Совсем не мечта! (СИ) - "MMDL". Страница 95

— Сними, — томно повелел Антон, указав глазами на мои трусы. Час от часу не легче… Но это был тот долгожданный шанс сделать хоть что-то, занять разбухшие мысли и подрагивающие от волнения руки.

Борясь со сдавливающим горло удушьем, я приподнял ноги и потянул боксеры к коленям. Высвободившийся из-под ткани член упруго плюхнулся мне на живот; трусы из ослабевших пальцев выпали куда-то на пол.

Ну все… Вот и она: беззащитность… Почему я так остро реагирую на то, что теперь совершенно раздет? Бессчетное количество раз мы с Антоном прижимались друг к другу, кожа к коже! — что сейчас, черт возьми, не так?! Однако задаваться этим вопросом было бессмысленно, ведь ответ я знал и так…

Как я и ожидал, Антон лег сверху, и его бедро бережно коснулось моей мошонки. Пальцы с нажимом прошлись по бокам, обрисовали каждое ребро через мышцы.

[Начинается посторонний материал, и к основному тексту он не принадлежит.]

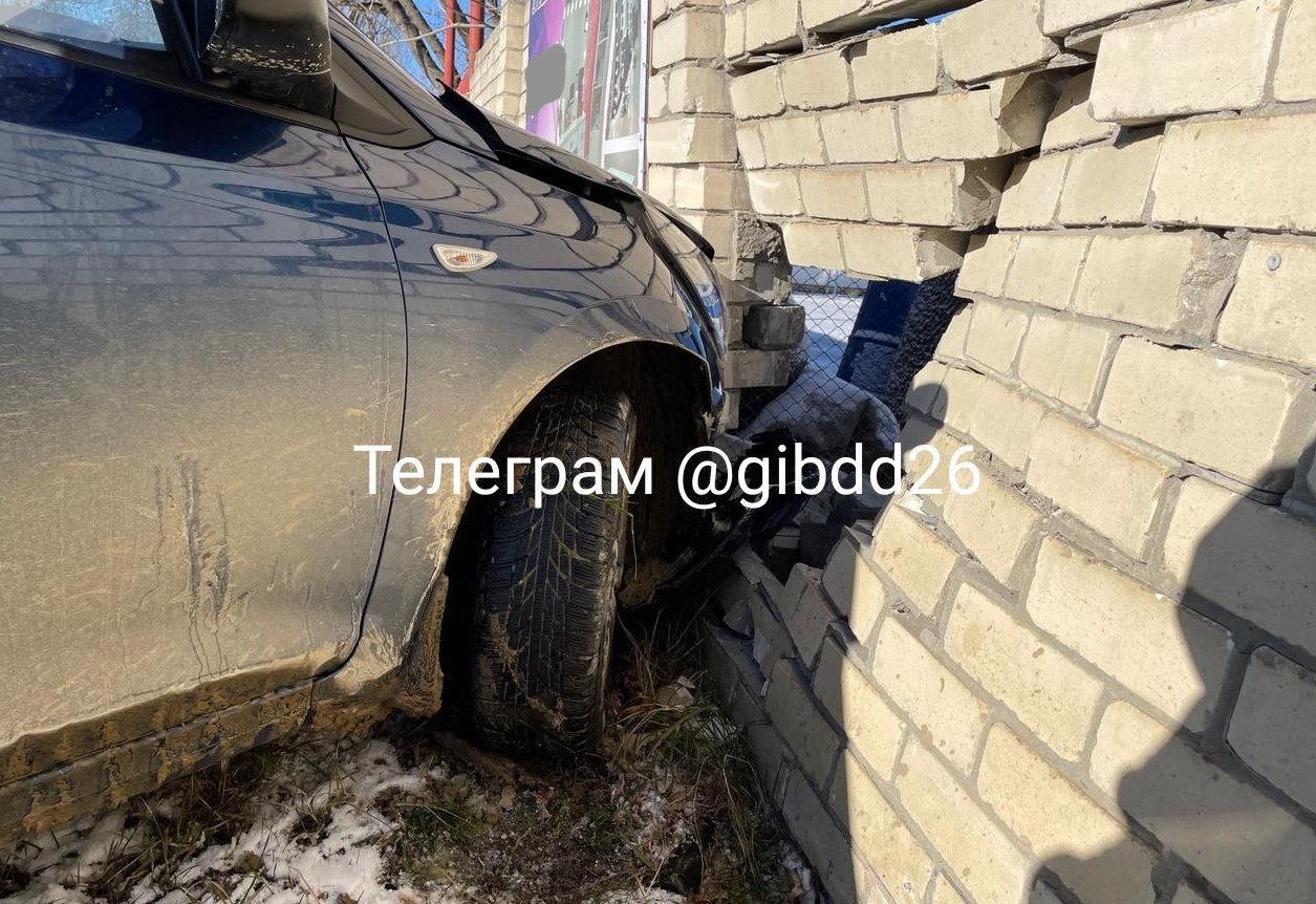 В Ставрополе пожилой водитель иномарки сломал руку, врезавшись в кирпичный забор

— Мужское тело так красиво… — неожиданно поделился Антон, разово двинувшись бедрами — его полностью вставший член от нетерпения потерся о мой, по низу живота растерлась капля смазки. — Я никому этого не говорил, но… как же возбуждает близость к мужчине — близость к тебе…

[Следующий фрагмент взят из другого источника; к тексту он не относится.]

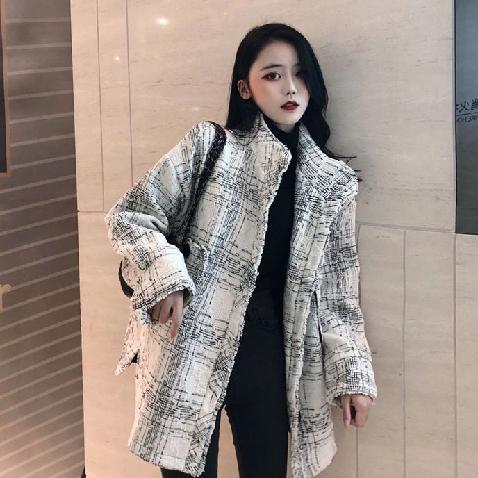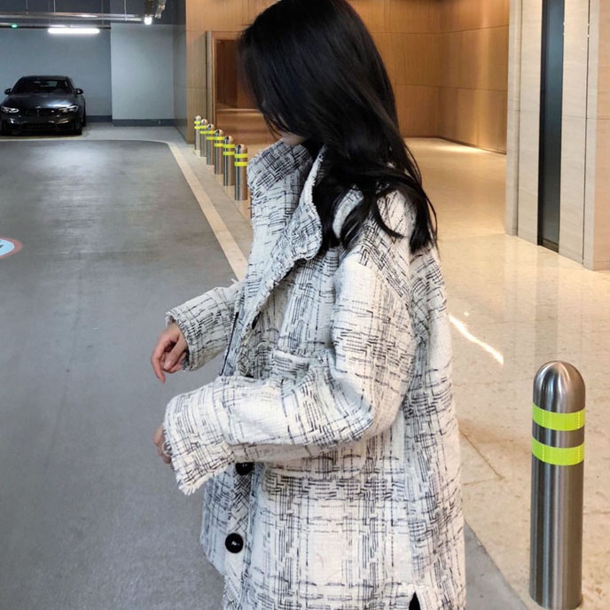 / 復古外套女春秋2018新款韓版百搭款寬松粗花呢中長款小香風外套潮

— Что ты… — сбивчиво выдохнул я, ничуть не сопротивляясь языку, скользящему по моему уху. Все сказанные Антоном в паузе в этой сладкой экзекуции слова будоражили кровь, учащали и без того скорое дыхание.

— …Я кончал снова и снова, представляя, как буду проникать в тебя, как стану трахать, держа за колени, в то время пока ты будешь умолять меня не останавливаться, сыпать пошлостями… Жаль, в реальности ты едва способен говорить, — с едким для меня превосходством ухмыльнулся Антон. Под ним моя грудь ходила ходуном с неугомонным моторчиком-сердцем, которое явно завели на чрезмерное количество оборотов. Любая моя эмоция, любая моя мысль проецировалась через кожу и кровь прямо в сознание Антона, не брезгующего показать свою проницательность: — Что, не согласен? Тогда, может, расскажешь, как сильно хочешь мой член? Чтобы соответствовать фантазии…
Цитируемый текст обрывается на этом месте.